There are indications that a growing number of disciplines and organizations are inspired by this pioneering work and are investigating alternative models for scholarly communication:

  • The NIH e-biomed proposal (Varmus 1999) for a more effective communication system for research reports in the life sciences demonstrates the innovative thinking inspired by initiatives like arXiv. While the PubMed Central environment (Anonymous 1999) (the system being developed as the outcome of the proposal) is more conservative than e-biomed, it remains faithful to the original desire to provide barrier-free access to primary reports in the life sciences.
  • The British Medical Journal and HighWire Press recently launched Clinical Medicine Netprints (Delhamothe, et al. 1999), an e-print site for studies, research, and articles in Clinical Medicine.
  • Under the umbrella of the eScholarship project, the California Digital Library is working on University ePub (Lucier and Ober 1999), a set of disciplinary e-print servers and services whose overall aim is to lead and support innovations in the production and dissemination of scholarship.
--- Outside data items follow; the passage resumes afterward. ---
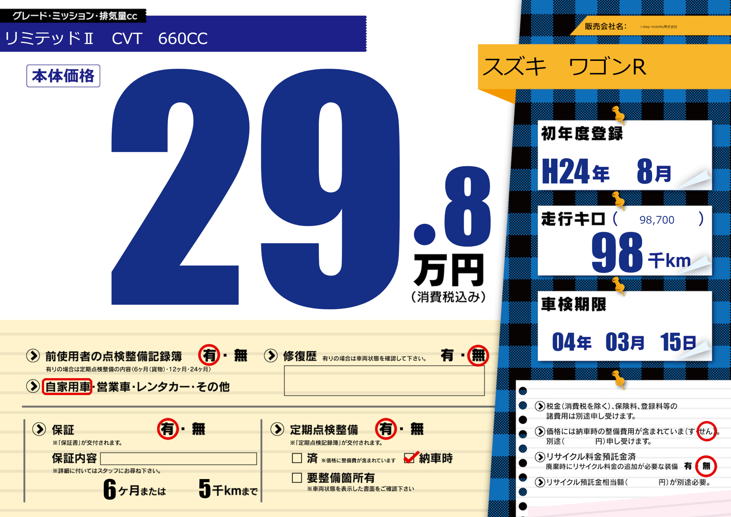 保証付き 保証内容(---) 6ヶ月または(5)千kmまで |
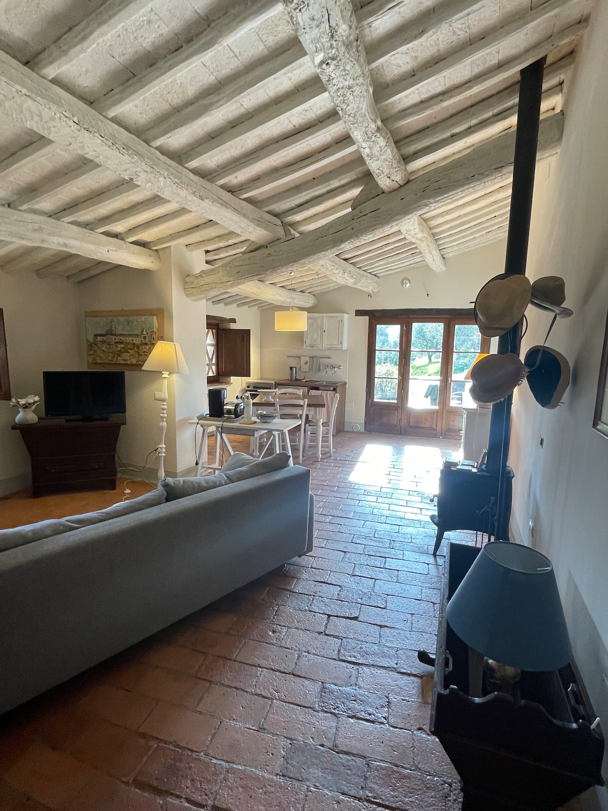 Una joya de apartamento en el corazón de la Toscana. Impresionantes vistas a los cipreses y olivos. Techos con vigas, suelos de mármol, todo recientemente reformado. El apartamento incluye una cama de madera antigua y luces venecianas. Puedes relajarte y comer al aire libre en tu propio jardín privado, donde se proporcionan tumbonas, una barbacoa y una zona de comedor a la sombra, disfrutando de las hermosas vistas.
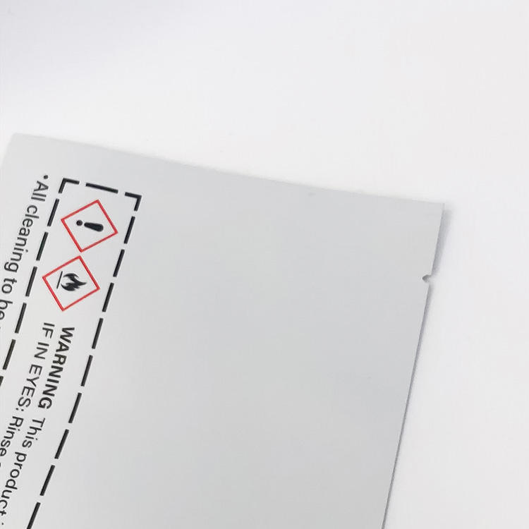Embalaje de plástico blanco mate personalizado, bolsa sellada por 3 lados, bolsa termosellada, bolsas suaves inodoras para tarjetas de limpieza largas, líquido médico
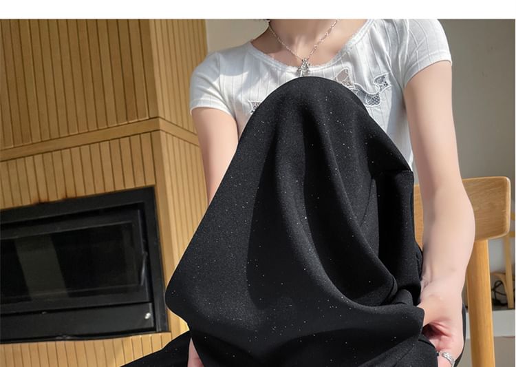 High Rise Glitter Lace Panel Wide Leg Slacks (Various Designs)
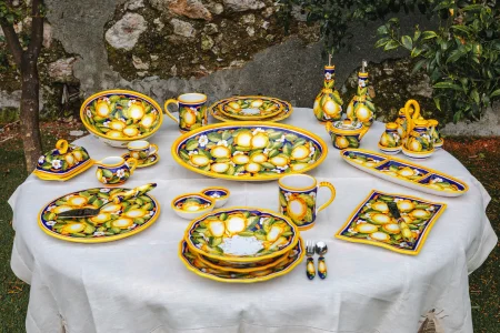 Our collections include fully handmade Italian ceramic pieces: tableware, decorative objects such as vases, amphorae, planters, wall plates, lava stone tables, bespoke projects, limited editions, and custom design creations.
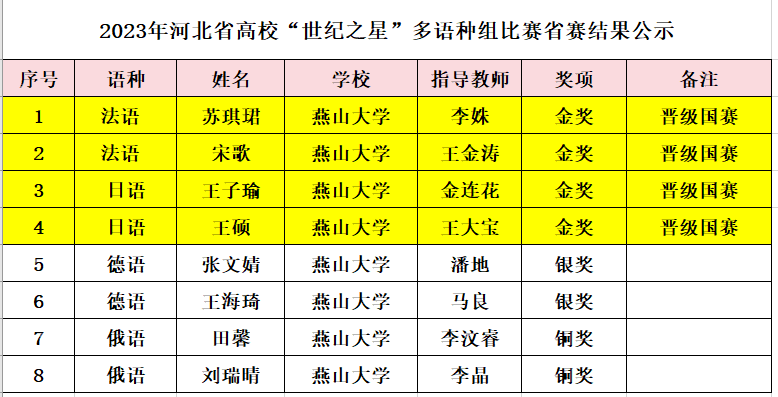 【新闻中心讯】10月15日,2023年“外研社·国才杯”“理解当代中国”全国大学生外语能力大赛多语种大赛省赛落下帷幕,外国语学院学生从河北省百所高校的参赛者中脱颖而出,法语专业学生苏琪珺、宋歌,日语专业学生王子瑜、王硕等四名同学均斩获该组别大赛金奖,成功晋级多语种组国赛。其他多语种赛项德语组获得省赛银奖,俄语组获得省赛铜奖。本次全国大学生外语能力大赛多语种大赛,燕山大学外国语学院学生大放异彩。
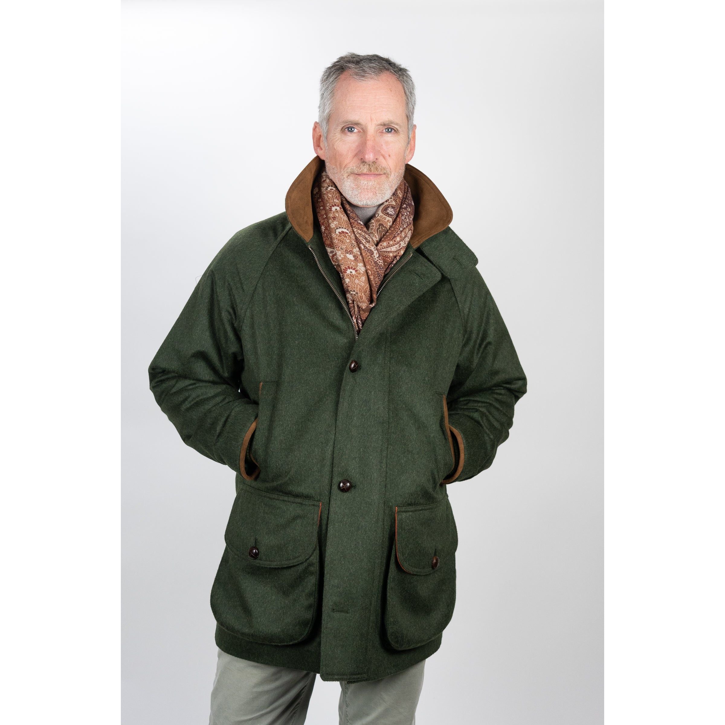 The Chiltern is our classic men’s field coat made from the finest British Loden. All Chrysalis field coats are waterproof as they incorporate a breathable internal membrane along with storm cuff, pivot sleeve. Engineering and the best of British tailoring ensures the wearer is warm, dry and comfortable at all times. This jacket features olive loden wool with a hunter orange lining.
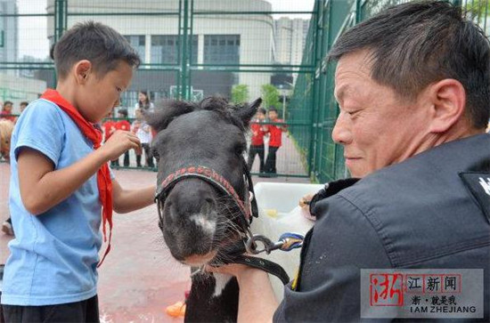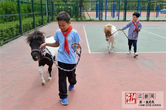 近日,杭州滨和小学引进了两匹纯英国进口的舍特蓝小马。这个品种的马很矮,黑白相间的是公的,高约65-70厘米;棕白相间的是母的,高约60厘米。看着就像两只大狗,虽然只有5岁,但对于马来说已经成年了。两匹小马来到学校后深受小学生喜爱,学生们通过“义卖”形式的社会实践活动为小马们筹集粮食。 校长说,等小马长大了,会考虑开设马术课,有兴趣的同学可以参加。
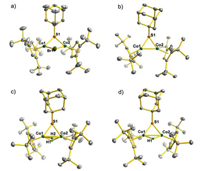 | Fig. 1. ORTEP (ellipsoids at a 50% probability) diagrams of complexes 1 (a), 2 (b), 4 (c) and 5 (d). The hydrogen atoms except for bridging hydrides are omitted for clarity. | |
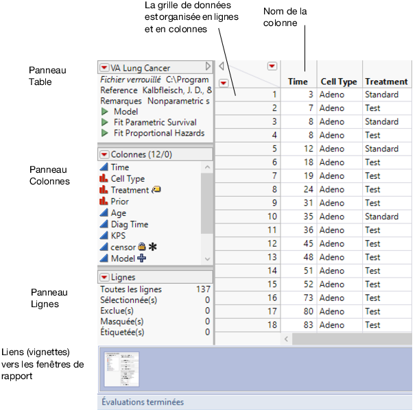 Le panneau Lignes affiche le nombre total de lignes de la table de données, ainsi que le nombre de lignes sélectionnées, exclues, masquées et étiquetées. La Figure 2.4 indique qu'il y a 137 lignes dans la table.
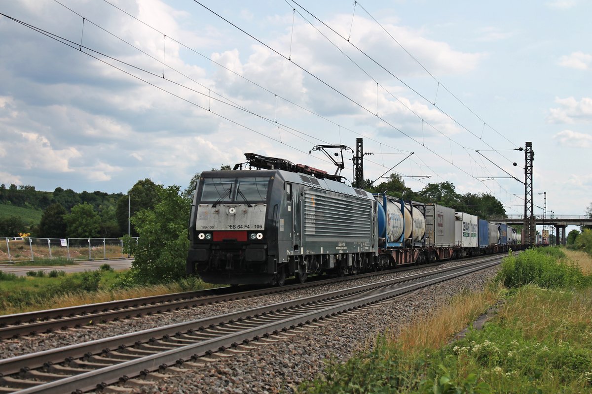 Am 20.07.2017 war MRCE/SBBCI ES 64 F4-106 (189 106-8) auf dem Weg nach Rotterdam Waalhaven, als sie mit ihrem Containerzug bei Buggingen in Richtung Freiburg (Breisgau) fuhr.
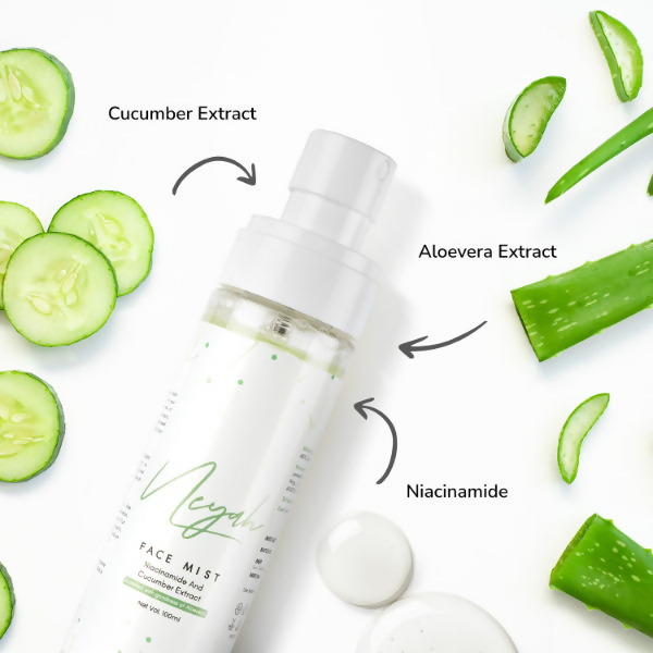 - Experience the nourishing blend of Niacinamide, Cucumber, and Aloe Vera extracts in this facial mist, ideal for all skin types, particularly those prone to acne. Blemishes can be stubborn, often caused by clogged pores. This versatile product hydrates, fortifies the skin barrier, minimizes the look of pores, and helps prevent acne. Cucumber contributes to refreshing, pore-tightening, and purifying your skin. Crafted to maintain an optimal pH balance, it supports skin in its most natural state, addressing issues like clogged and enlarged pores, excess oil, and dryness.
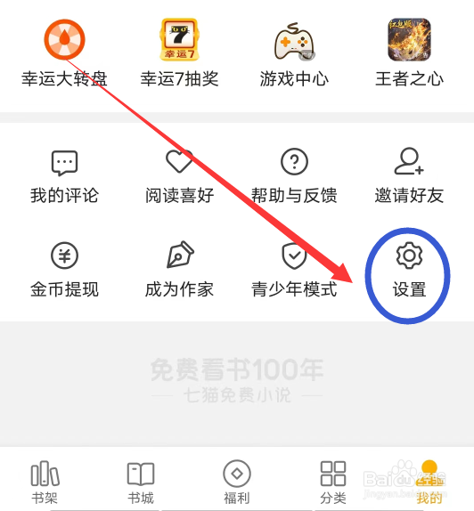 第一步:打开7猫免费小说APP,我的界面选择【设置】
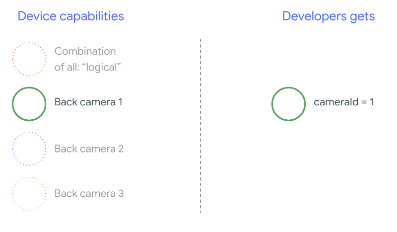 در بیشتر موارد، دستگاه‌هایی که اندروید 9 و بالاتر دارند، همه دوربین‌های فیزیکی (به جز سنسورهای کمتر رایج مانند مادون قرمز) را همراه با دوربین‌های منطقی با کاربری ساده‌تر در معرض دید قرار می‌دهند. برای هر ترکیبی از جریان‌هایی که تضمین شده است، یک جریان متعلق به یک دوربین منطقی را می‌توان با دو جریان از دوربین‌های فیزیکی زیرین جایگزین کرد.
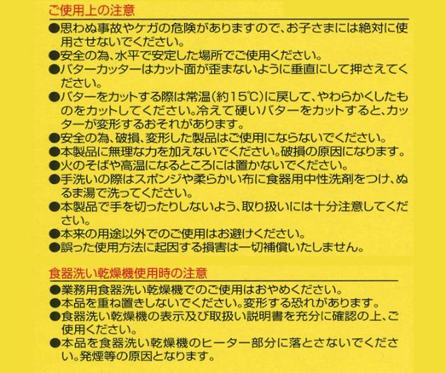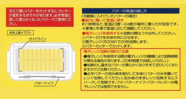 ご注意※バターをカットする際は、室内で常温に戻す、または電子レンジで加熱し、軟らかくしてご使用ください。

The project received one of the grants from SPARC in the context of its Scientific Communities Initiative, which called for proposals introducing alternative communication methods as a way to address the serials crisis.
  • MIT plans to build a digital repository of which all public e-prints will be available to the whole e-print community.
  • Caltech's Scholar's Forum (Buck, Flagan, and Coles 1999) describes an alternative conceptual model for scholarly communication.

From individual archives to an interoperable fabric

The aim of the archive initiatives described above is to try to create a more effective scholarly communication mechanism that addresses problems that exist in the established system. The approaches that are taken by individual archives differ in a number of ways. Some initiatives build on a centralized model, others on a distributed departmental, or by extension, institutional model. Some deal with gray (non-peer reviewed) literature only, others incorporate metadata of peer-reviewed papers or try to establish some form of peer-review outside of the established system. Some deal with metadata only, others with both metadata and full content. Yet all share the attribute of offering scholars a vehicle to conveniently and immediately disseminate research results to peers.

The reason for launching the Open Archives initiative is the belief that interoperability among archives is key to increasing their impact and establishing them as viable alternatives to the existing scholarly communication model. This conviction is expressed in the official mission statement of the initiative:

The Open Archives initiative has been set up to create a forum to discuss and solve matters of interoperability between author self-archiving solutions (also commonly referred to as e-print systems), as a way to promote their global acceptance.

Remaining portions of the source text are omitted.